Hint: The value of ${K_C}$ for dissociation will be equal to reciprocal of the ${K_C}$ for synthesis of HI (g). ${K_C}$ is the ratio of molar concentration of products to reactants at equilibrium concentrations raised to the power of their stoichiometric coefficients.

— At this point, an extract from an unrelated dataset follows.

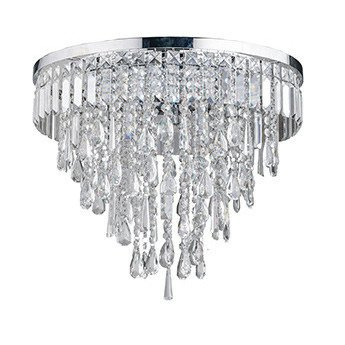 - Elegancki plafon z dekoracyjnymi kryształami o różnej długości. Kryształowe zawieszki tworzą stożek skierowany w dół, osłaniają żarówki efektownie rozbijając światło. Kalabria wprowadza do wnętrza luksus i nadaje pomieszczeniu charakteru.

Complete step by step answer:
-First of all we will write the balanced reaction for dissociation of HI. And we will take the initial concentration of HI to be = 1.
Let the degree of dissociation for the reaction be α.
The reaction and concentration of the reactants and products before and after the reaction will be written as:
$\begin{array}{*{20}{c}}
{}&{2HI(g)}& \rightleftharpoons &{{H_2}(g)}& + &{{I_2}(g)} \\
{Initially:}&1&{}&0&{}&0 \\
{Equilibrium:}&{1 - \alpha }&{}&{\dfrac{\alpha }{2}}&{}&{\dfrac{\alpha }{2}}
\end{array}$
-We will now see what ${K_C}$ is.
${K_C}$ is basically an equilibrium constant which represents the ratio of the equilibrium concentrations of products to the equilibrium concentrations of reactants, all raised to the power of their stoichiometric coefficients.
For a reaction: $aA \rightleftharpoons bB$
The value of ${K_C}$ for the above reaction will be:
${K_C} = \dfrac{{{{\left[ B \right]}^b}}}{{{{\left[ A \right]}^a}}}$
-Similarly we will write the expression of ${K_C}$ for the dissociation reaction of HI.
The question gives us the value of ${K_C}$ for the synthesis of HI to be 50. So, the value of ${K_C}$ for the dissociation of HI will be = $\dfrac{1}{{50}}$
-For it the expression of ${K_C}$ will be:
${K_C} = \dfrac{{\left( {\dfrac{\alpha }{2}} \right)\left( {\dfrac{\alpha }{2}} \right)}}{{{{\left( {1 - \alpha } \right)}^2}}} = \dfrac{1}{{50}}$
$50 \times {\left( {\dfrac{\alpha }{2}} \right)^2} = {\left( {1 - \alpha } \right)^2}$
$\dfrac{\alpha }{{2(1 - \alpha )}} = \dfrac{1}{{5\sqrt 2 }}$
 $5\sqrt 2 \alpha = 2 - 2\alpha $
 $\left( {2 + 5\sqrt 2 } \right)\alpha = 2$
 $\alpha = \dfrac{2}{{2 + 5\sqrt 2 }}$
  = 0.22
Hence the degree of dissociation of HI will be: 0.22

So, the correct option will be: (D) 0.22

Note: Equilibrium constant for any reaction depends on temperature and is independent of the actual quantities of reactants and products, the presence of catalyst and the presence of any inert material. It also does not depend on the concentrations, pressures and volumes of the reactants and products.